[RECORDS FOR THIS TASK — start]
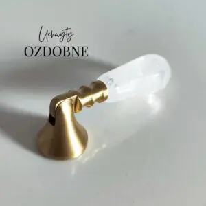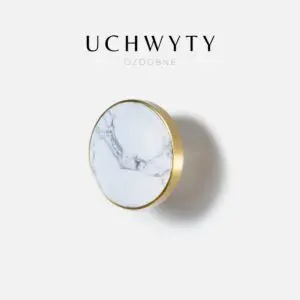 Piękna mosiężna gałka meblowa z białym kamieniem z szara żyłką, to idealna propozycja do ozdobienia Twojego wyjątkowego wnętrza.
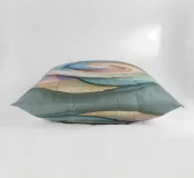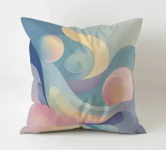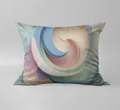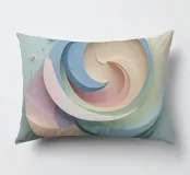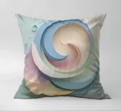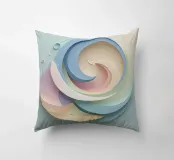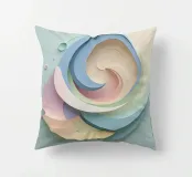 Intricate spiral shapes in soft pastels blend harmoniously, giving the illusion of flowing motion against a pale backdrop. The design captivates with its gentle curves.
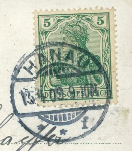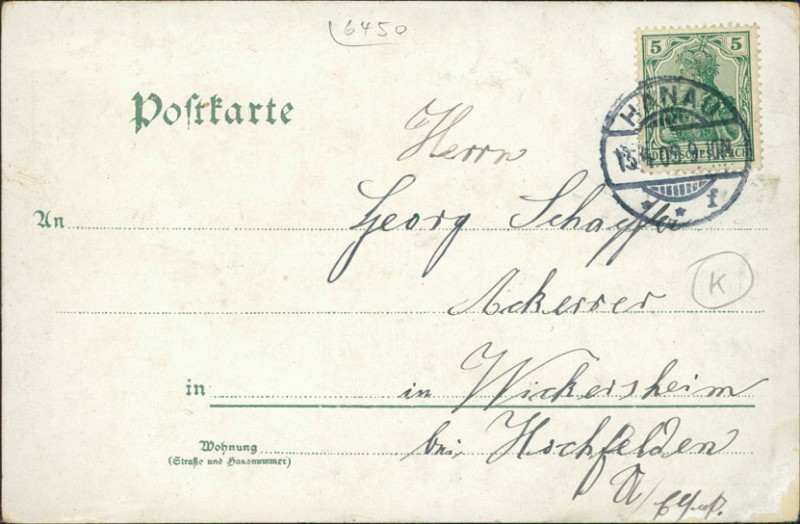 Alte Ansichtskarte aus Hanau, gelaufen am 15.04.1909 von Hanau nach Wickersheim.
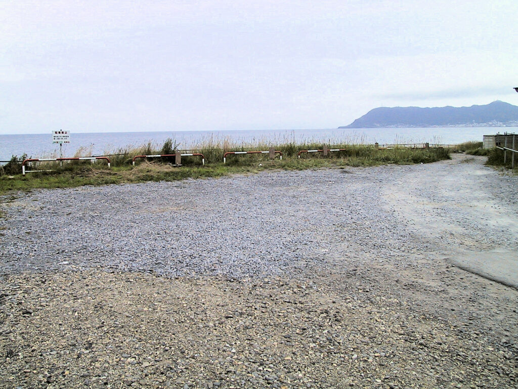 ここは根崎の温泉街にほど近く、根崎公園と国道をはさんで反対側の裏道の方にあります。元函館酒センターの駐車場の海側の張り出しが台場跡で、ひづめさんの話では数年前までは「根崎台場跡」の標柱が立っていたそうですが、今はもうそれも失われてしまい、台場跡だということを偲ぶなにものもありませんでした。
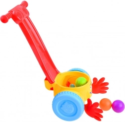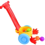 Hračka je vyrobená z kvalitného plastu v atraktívnych farbách. Vďaka veľkej rukoväti sa ľahko ovláda aj malým deťom. Súčasťou balenia sú tri plastové loptičky, ktoré možno vkladať, vyberať a znovu chytať – ideálne pre aktívnu a zábavnú hru doma aj na hladkom povrchu.
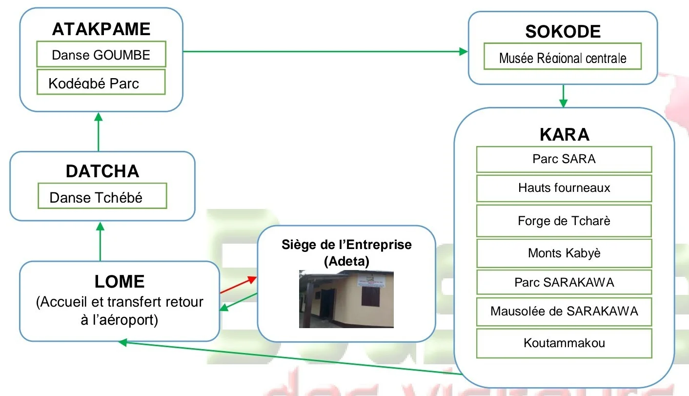 Quatre (04) Régions sur cinq (05) du Togo sont touchées par ce circuit (Maritime, Plateaux, Centrale et Kara).A travers ce circuit touristique, les visiteurs découvriront essentiellement : la ville d’Atakpamé ; cette ville encore appelée «ville des sept (07) collines» qui est une ville historique aménagée par les allemands offrant un beau paysage ; Le parc animalier d’Evoukodegbe (Kodegbe Parc) ; la danse traditionnelle «Tchébé», un patrimoine culturel immatériel propre à la communauté autochtone d’Atakpamé; la danse artistique GOUMBE d’Atakpamé, une musique où le tamtam se joue avec le talon; le site KOUTAMMAKOU communément appelé «site Tamberma» dans le Nord du Togo, un site culturel classé au Patrimoine mondial de l’UNESCO en 2008 et qui maintient sa position jusqu’à ce jour grâce à ses maisons en forme de châteaux appelées «Takienta» ou «Tata» montrant une architecture particulière. On y trouve des grottes, des maisons Baobab, la danse traditionnelle particulièrement conservée et un paysage très magnifique surtout en période de sécheresse.
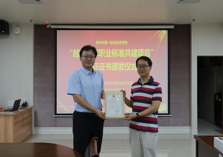 此次认证证书颁布典礼的举行,为中国职教“走出去”贡献更多力量。依托学校正在优良专业群扶植方面的凸起,标记着柳州市第一职业手艺学校退职业教育国际化道上迈出了的一步。近日,正式获得越南承认。为越南职业院校的课程设置和人才培育供给了无力支撑。将来,学校副校长谢文峰、武汉叁壹教育科技无限公司副总司理程韬、周正伟等带领嘉宾出席典礼。
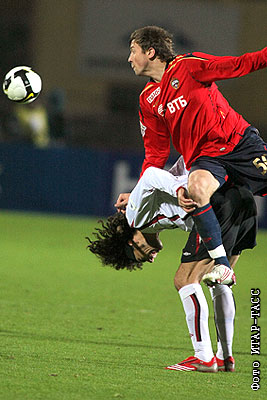 Игрок "Москвы" Эктор Бракамонте и армеец Антон Григорьев (слева направо) в матче чемпионата России по футболу: "Москва" – ЦСКА
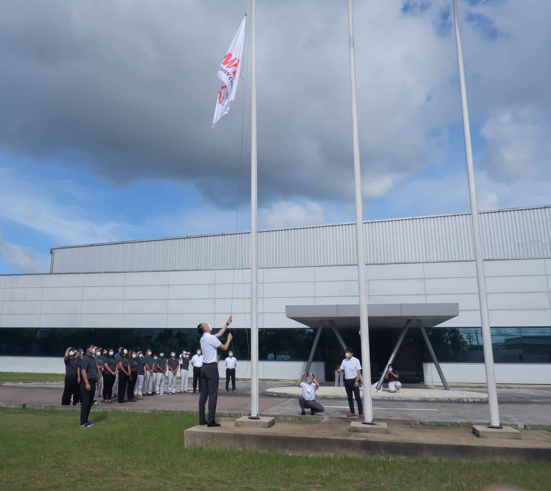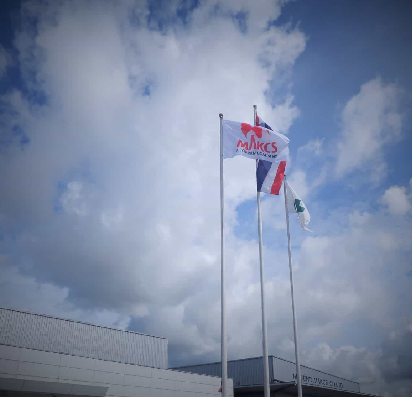Toppan and Majend Makcs, which joined the Toppan Group in May 2022, held a ceremony to unveil the new Majend Makcs corporate flag at its Amata City Rayong Plant in Rayong Province, Thailand, on June 6. The ceremony was attended by newly appointed Majend Makcs CEO Shin Kukita, COO Nobuyuki Takahashi, Plant Manager Sorawut Han-Asa, and 50 employees.
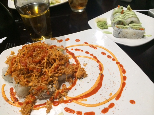 In any case, as you can probably guess by our gluttony, everything was delicious. Amanda said that the Spicy Crab rolls were some of the best she’s ever had. Shane enjoyed his “buttload” of Philly rolls enough that he didn’t want to try anything else, and ate the rest of Amanda’s rolls when she declared them dead soldiers. I liked the Tempura Asparagus better than the Volcano – which was definitely tasty, but just seemed to have a lot going on what with the pile of spicy crawfish meat on top of the actual rolls. And the wasabi aioli on the Tempura rolls actually seemed to be hotter than any of the sauces on the Volcano roll, so there’s that.
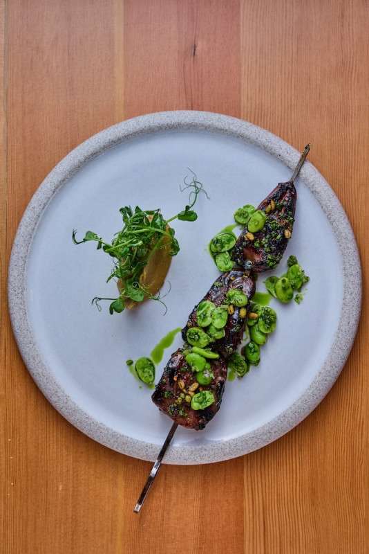 Grilled Lamb Heart, Fresh Sansho Pepper Sauce, Cresson Purée, Urui Leaves
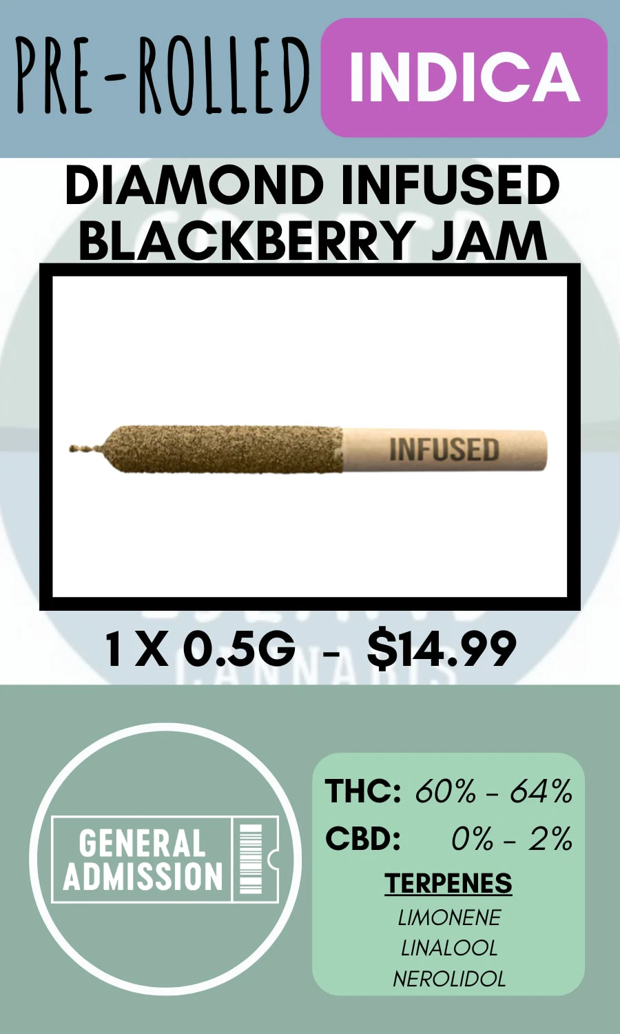 Rise and shine! Blackberry Jam Ultra-Infused serves up tart raspberry and sweet blackberry infused with diamonds! It's a wake-up call for your taste buds. Don't press snooze. G.A. Ultra-Infused Pre-Rolls are made using milled whole flower, dusted in premium kief, boosted with botanical terpenes, and infused with diamonds to deliver their most potent pre-roll yet.
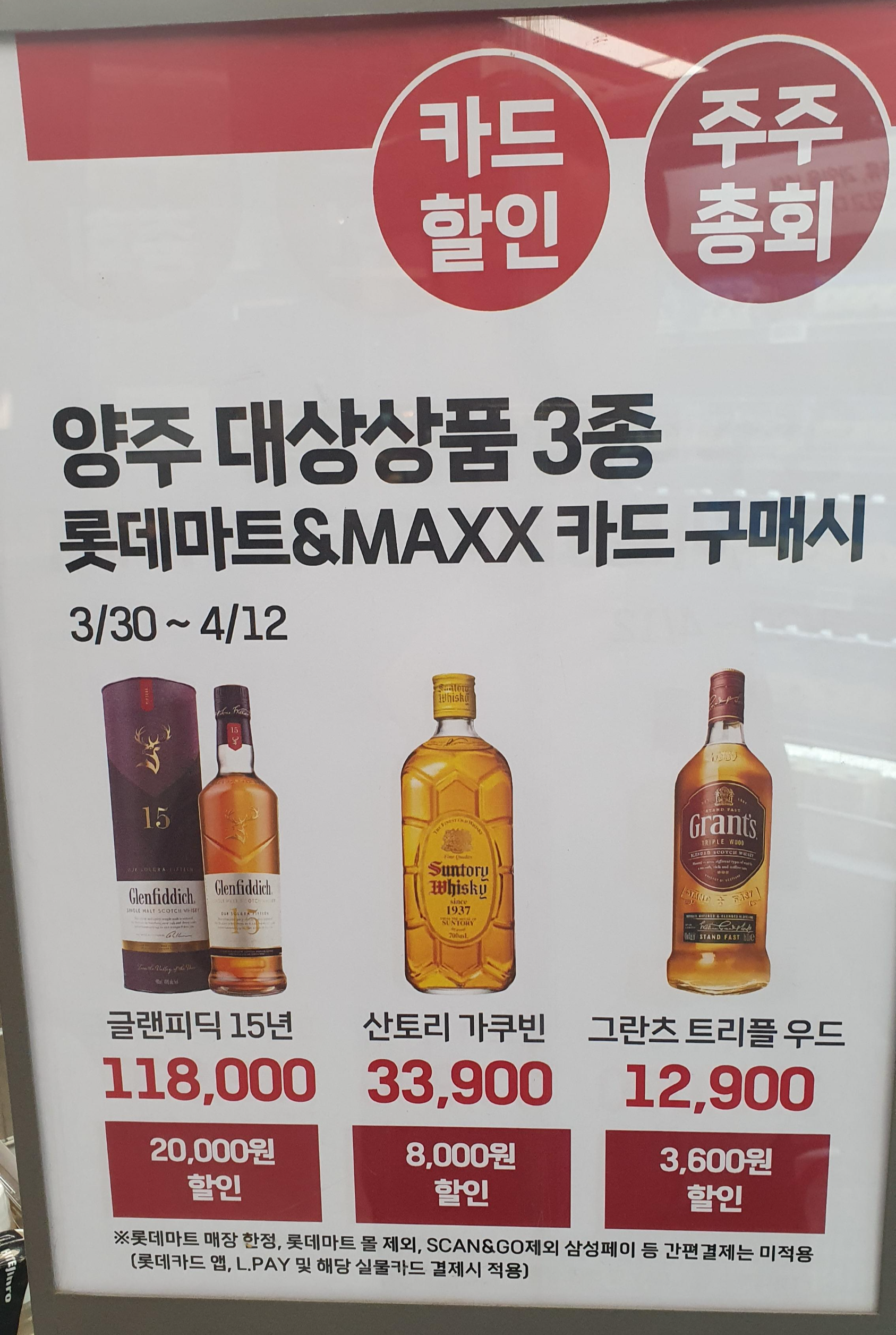 산토리 가쿠빈의 이미지는 역시나 하이볼의 클래식한 일본 위스키의 이미지. 매대에 진열을 하면 이틀 내에 기본 물량은 매진되는 것을 볼 수 있었다. 응? 이렇게 인기가 있다고 적당한 가격과 친숙한 브랜드 이미지 때문인지 수요가 높은 위스키라는 것을 알 수 있었다. 장사한 두 번 하나 역시나 롯데마트에서는 한 번에 모든 물량을 내놓지는 않고 2-3일 간격으로 물량을 채워 넣는다. 인생은 타이밍 방문 시 보이면 픽픽 하시길!!!!
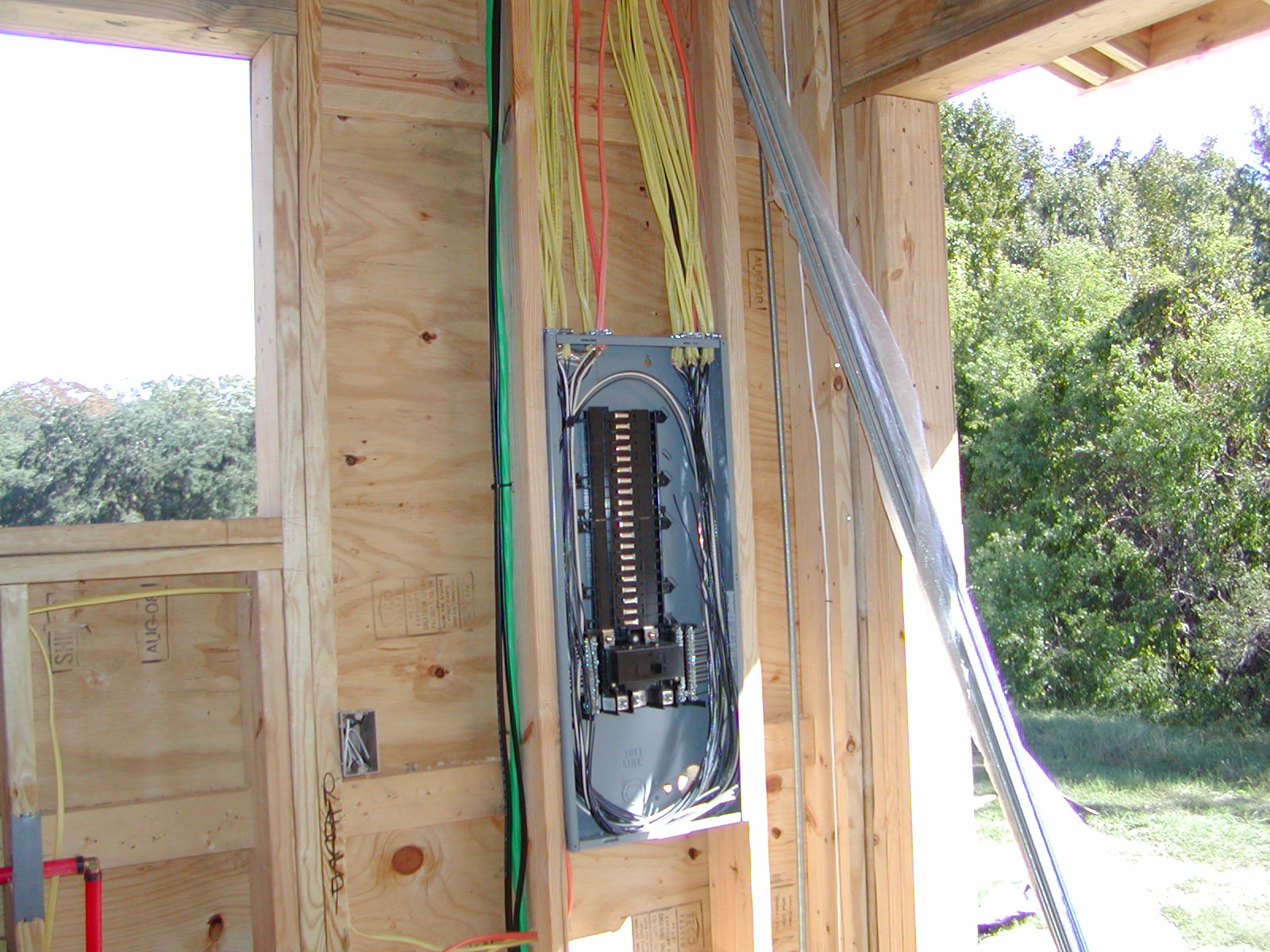 October 29, 2008 -- The electrical rough in is essentially completed. The panel box is near the golf cart garage door. The meter will be on the wall directly behind the electrical panel. | ![]() |
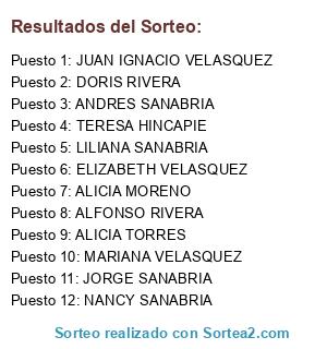 Lista de participantes: NANCY SANABRIA, ALICIA MORENO, JUAN IGNACIO VELASQUEZ, CESAR SANABRIA, ALICIA TORRES, ANDRES SANABRIA, ELIZABETH VELASQUEZ, ALFONSO RIVERA, JUAN FELIPE GALINDO, MARIANA VELASQUEZ, DORIS RIVERA, LILIANA SANABRIA, JORGE SANABRIA, TERESA HINCAPIE.
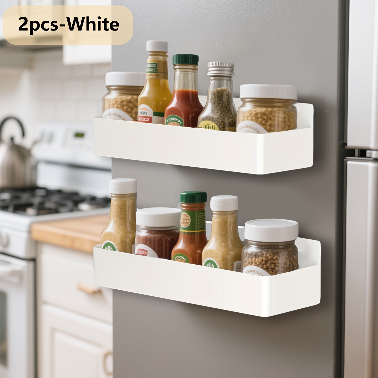 TEMU 2/4개 대형 자석식 플라스틱 수납바구니 - 냉장고, 전자레인지, 세탁기용 다목적 주방정리함, 마그네틱 사이드걸이 양념보관랙, 무타공 & 접착제 불필요, 탈부착가능한 선반
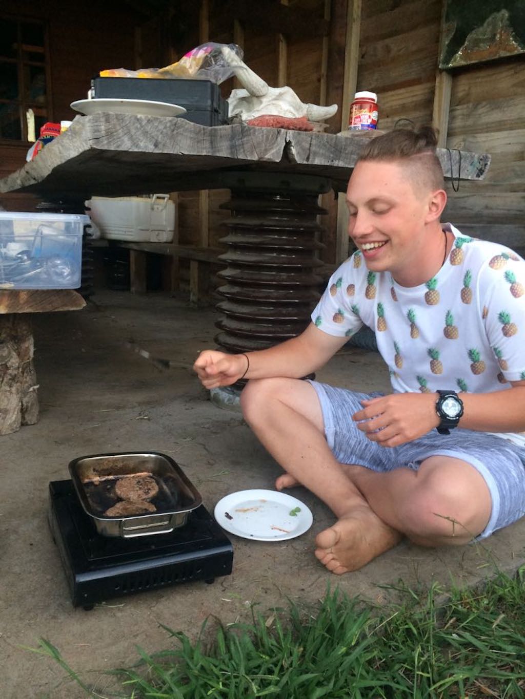 Wes working the grill at our spot just outside Raglan.
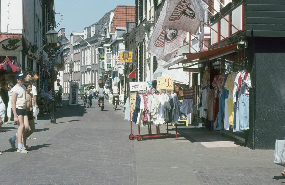 Het begin van de Bruggestraat bij de Texshop, gezien...
[RECORDS FOR THIS TASK — finish]
AIM OF THE EXERCISE:
Repeat exactly the lines above, beginning at the one containing "Alte Ansichtskarte aus" and ending at the one containing "ここは根崎の温泉街にほど近く". Do not carry over any pictures.

OUTPUT FOR THIS TASK:
 Alte Ansichtskarte aus Hanau, gelaufen am 15.04.1909 von Hanau nach Wickersheim.
 ここは根崎の温泉街にほど近く、根崎公園と国道をはさんで反対側の裏道の方にあります。元函館酒センターの駐車場の海側の張り出しが台場跡で、ひづめさんの話では数年前までは「根崎台場跡」の標柱が立っていたそうですが、今はもうそれも失われてしまい、台場跡だということを偲ぶなにものもありませんでした。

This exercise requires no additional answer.